*** Block opens ***
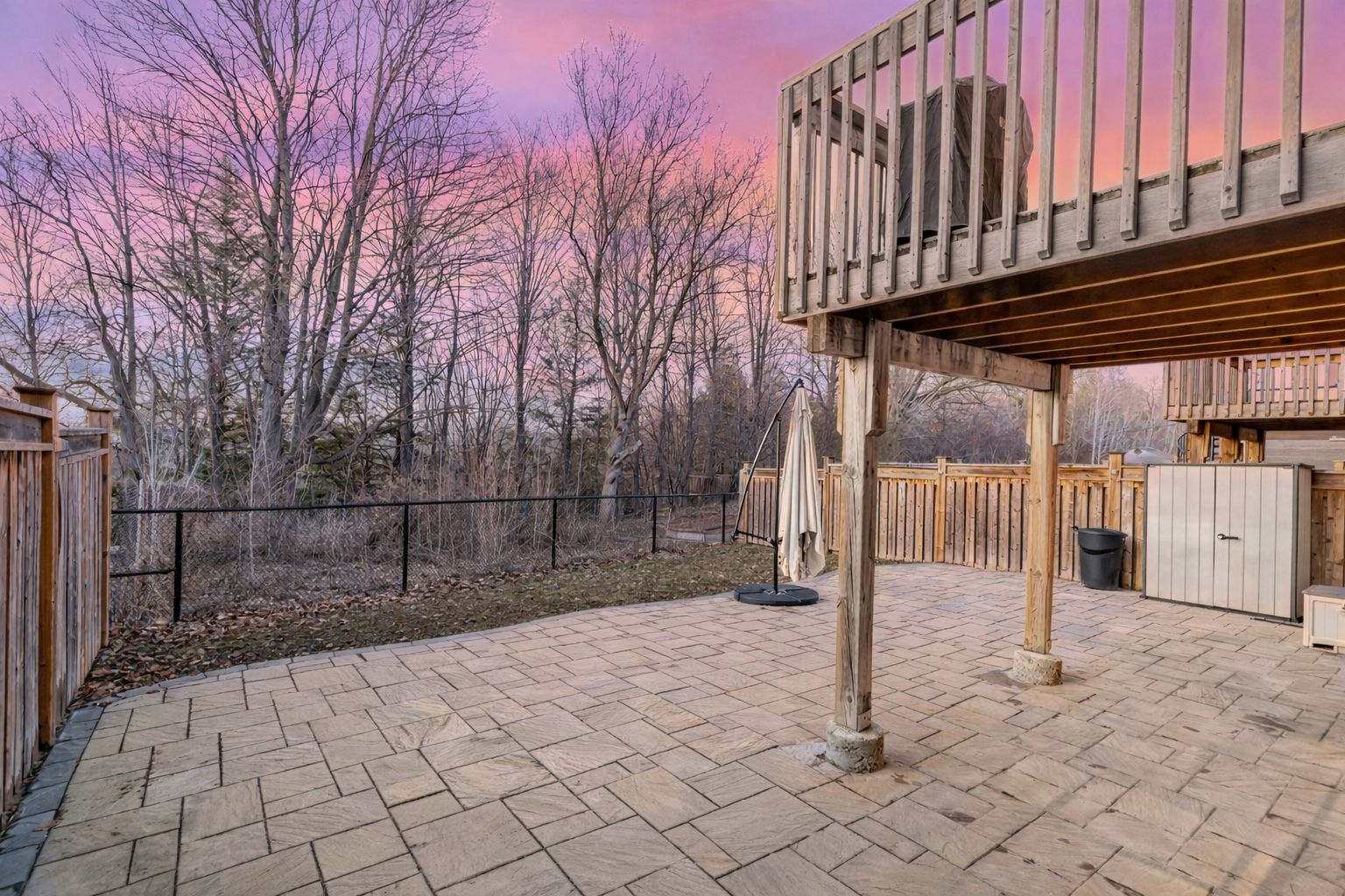 • Ravine-view backyard offers privacy and space for entertaining activities.
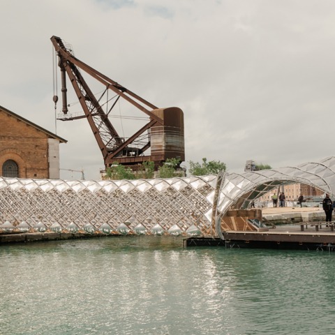 Evoking the historic network of bridges that characterizes Venice, the Gateway actively connects new electric modes of transport, which function as carbon-neutral mobility solutions during the opening week of Biennale Architettura 2025. In line with contemporary sustainability principles, it will be the first fully circular and zero-waste Venice Biennale.
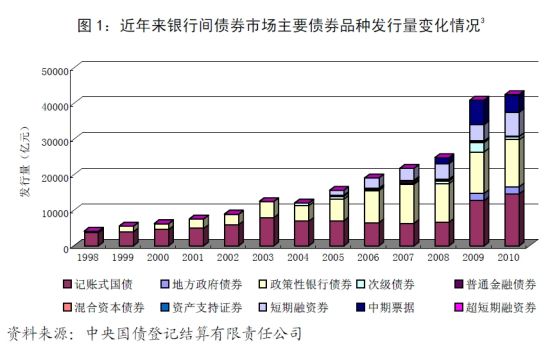 2010年,财政部通过银行间债券市场发行债券1.7万亿元(包括代发地方政府债券2000亿元);国家开发银行、中国进出口银行、中国农业发展银行在银行间债券市场发行债券1.3万亿元;汇金公司在银行间债券市场公开发行债券1090亿元;金融债券发行主体范围进一步扩大,外资法人银行获准发行金融债券,三菱东京日联银行(中国)在银行间债券市场公开发行金融债券10亿元;积极拓宽金融租赁公司和汽车金融公司资金来源渠道,3家金融租赁公司和1家汽车金融公司总计发行金融债券50亿元。公司信用债券继续发展,2010年债券市场共发行公司信用债券1.6万亿元,其中发行短期融资券6742亿元、中期票据4924亿元、中小非金融企业集合票据46.6亿元、企业债券3627亿元、公司债券511.5亿元,同时为提高企业流动性管理能力,创新推出超短期融资券,已成功发行150亿元。
*** Block closes ***
» TASK REQUIREMENTS:
If you see a picture in the listing, skip it while copying everything else exactly.

» ANSWER TO THIS EXERCISE:
 • Ravine-view backyard offers privacy and space for entertaining activities.
 Evoking the historic network of bridges that characterizes Venice, the Gateway actively connects new electric modes of transport, which function as carbon-neutral mobility solutions during the opening week of Biennale Architettura 2025. In line with contemporary sustainability principles, it will be the first fully circular and zero-waste Venice Biennale.
 2010年,财政部通过银行间债券市场发行债券1.7万亿元(包括代发地方政府债券2000亿元);国家开发银行、中国进出口银行、中国农业发展银行在银行间债券市场发行债券1.3万亿元;汇金公司在银行间债券市场公开发行债券1090亿元;金融债券发行主体范围进一步扩大,外资法人银行获准发行金融债券,三菱东京日联银行(中国)在银行间债券市场公开发行金融债券10亿元;积极拓宽金融租赁公司和汽车金融公司资金来源渠道,3家金融租赁公司和1家汽车金融公司总计发行金融债券50亿元。公司信用债券继续发展,2010年债券市场共发行公司信用债券1.6万亿元,其中发行短期融资券6742亿元、中期票据4924亿元、中小非金融企业集合票据46.6亿元、企业债券3627亿元、公司债券511.5亿元,同时为提高企业流动性管理能力,创新推出超短期融资券,已成功发行150亿元。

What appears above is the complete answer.